Beberapa keuntungan eksklusif tersebut meliputi imbal hasil (yield) sebesar 2%, akses konversi 1:1 terhadap stablecoin USD1, dan akses prioritas terhadap kemitraan strategis.
Struktur bertingkat ini secara jelas memberikan privilese lebih besar kepada pemegang modal besar, termasuk kemungkinan partisipasi institusional dalam pengembangan proyek.
Upaya Kunci Likuiditas, tapi Beri Ruang Whale?
Tim Research Tokocrypto menilai pendekatan WLFI sebagai strategi agresif dalam mengunci likuiditas jangka panjang.
“WLFI mencoba mengadopsi model ve-tokenomics yang lebih ketat untuk mengunci likuiditas jangka panjang. Dengan menghubungkan hak suara dan insentif finansial (2% yield) ke partisipasi aktif, mereka berusaha mengurangi dominasi whale pasif. Namun, tier ‘Super Node’ menunjukkan adanya preferensi jelas bagi pemegang modal besar (institusional) di ekosistem ini,” ujar Tim Research Tokocrypto.
Pernyataan tersebut menyoroti dua sisi dari kebijakan baru ini.
Di satu sisi, sistem staking jangka panjang berpotensi mengurangi tekanan jual dan meningkatkan stabilitas harga.
Di sisi lain, pembentukan kategori Super Node dengan ambang batas sangat tinggi membuka kemungkinan konsentrasi kekuasaan di tangan segelintir investor besar.
Dampak terhadap Tokenomics WLFI
Secara tokenomics, kebijakan ini bisa membawa beberapa implikasi penting:
- Pengurangan suplai beredar (circulating supply) karena token terkunci selama 180 hari.
- Peningkatan stabilitas harga akibat berkurangnya volatilitas jangka pendek.
- Redistribusi kekuatan voting, dari pemegang pasif menuju mereka yang bersedia mengunci aset lebih lama.
Namun demikian, pasar kemungkinan akan mencermati bagaimana distribusi Node dan Super Node berkembang.
Jika sebagian besar terkonsentrasi pada entitas besar, sentimen komunitas ritel bisa terdampak.
Apa Artinya bagi Investor?
Bagi investor jangka panjang, proposal ini dapat dilihat sebagai sinyal keseriusan WLFI dalam membangun ekosistem berkelanjutan.
Staking 180 hari menciptakan insentif untuk komitmen jangka panjang sekaligus memberikan peluang imbal hasil tambahan.
Namun bagi trader jangka pendek, kebijakan ini berpotensi mengurangi fleksibilitas dan likuiditas token di pasar sekunder.
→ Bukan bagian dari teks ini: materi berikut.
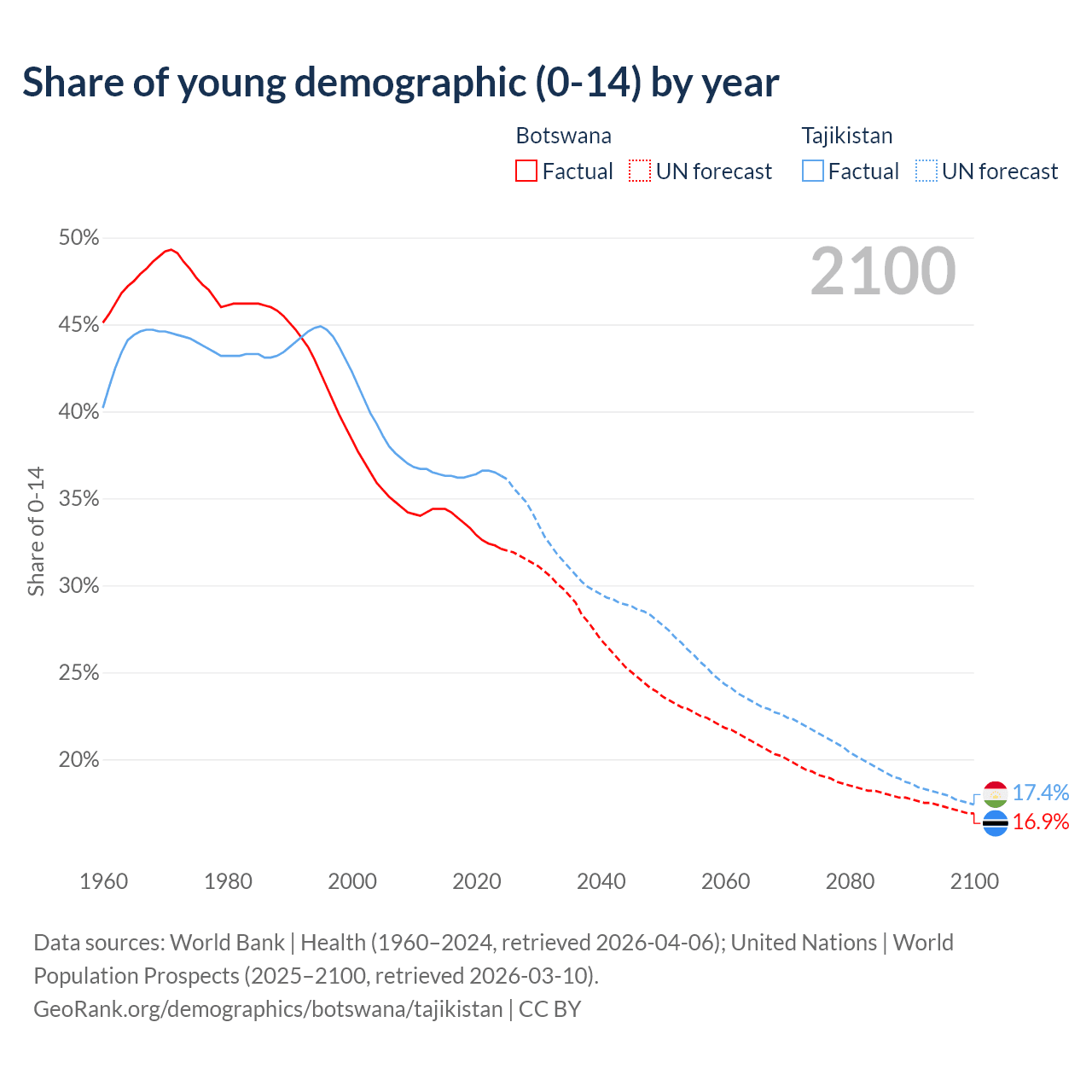 - The share of young demographic (0-15 years old) in Botswana is 32.1% vs 36.3% in Tajikistan.
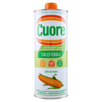 Olio Cuore è speciale perché Contiene Vitamina E che contribuisce alla protezione delle cellule dallo stress ossidativo e B6 che contribuisce alla normale funzione del sistema immunitario e alla riduzione della stanchezza e dell'affaticamento. Naturalmente ricco di Polinsaturi (Omega 6), fra cui l'Acido Linoleico. Ottenuto dal Cuore del Chicco di Mais che contiene steroli vegetali. Gusto leggero e delicato ideale in cottura e come condimento a crudo per esaltare il sapore di tutti i tuoi piatti. Utilizzalo nelle tue ricette anche al posto del burro. I vantaggi della latta Scegliamo da sempra la latta perché garantisce la protezione assoluta dalla luce evitando l'ossidazione e si ricicla all'infinito. Sostenibilità Nei nostri stabilimenti utilizziamo energia elettrica proveniente da fonti rinnovabili. Una porzione da 10 g di Olio Cuore contiene 5,4 g di acido linoleico. L'effetto benefico si ottiene con l'assunzione giornaliera di 10 g di acido linoleico. 100 g di prodotto contengono 800 mg di steroli vegetali Segui sempre una dieta varia ed equilibrata e uno stile di vita sano.
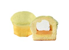 淡いメロン色の生地の中に包まれた3種類のクリーム、美しく層を成す断面は、発売当時から人気のポイント。
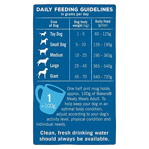 Daily Feeding Guide Size of Dog: Toy Dog 1 - 5 kg, Daily Feed: 35 - 115 (grams per day) Size of Dog: Small Dog 5 - 10 kg, Daily Feed: 115 - 190 (grams per day) Size of Dog: Medium 10 - 25 kg, Daily Feed: 190 - 380 (grams per day) Size of Dog: Large 25 - 45 kg, Daily Feed: 380 - 590 (grams per day) Size of Dog: Giant 45 - 70 kg, Daily Feed: 590 - 820 (grams per day) One half pint mug holds approximately 100g of Bakers Complete®. The recommended daily amounts should be adjusted according to weather conditions, the animal's level of activity and its physical condition. Individual needs vary and feeding should be adjusted as required to help maintain your dog at a lean, healthy body weight. Clean, fresh drinking water should always be available
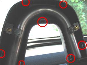 前側カバーを外した状態。 後側カバーをタッピングスクリューでロールバーに固定 前側はクリップのみで固定 タッピングスクリューを+ドライバーで外す。 |

Ke depan, efektivitas sistem ini akan sangat bergantung pada partisipasi komunitas serta transparansi distribusi Node dan Super Node.
Baca Juga: Stablecoin USD1 Tergelincir dari $1, WLFI Sebut Upaya Sabotase
Proposal governance terbaru dari World Liberty Financial menandai perubahan signifikan dalam struktur tata kelola proyek.
Dengan mewajibkan staking 180 hari dan menghadirkan skema Node serta Super Node, WLFI berupaya mengunci likuiditas dan memperkuat komitmen jangka panjang.
Meski demikian, perhatian pasar kini tertuju pada keseimbangan antara desentralisasi dan konsentrasi kekuasaan.
Apakah model ini akan memperkuat ekosistem atau justru memperbesar dominasi investor besar?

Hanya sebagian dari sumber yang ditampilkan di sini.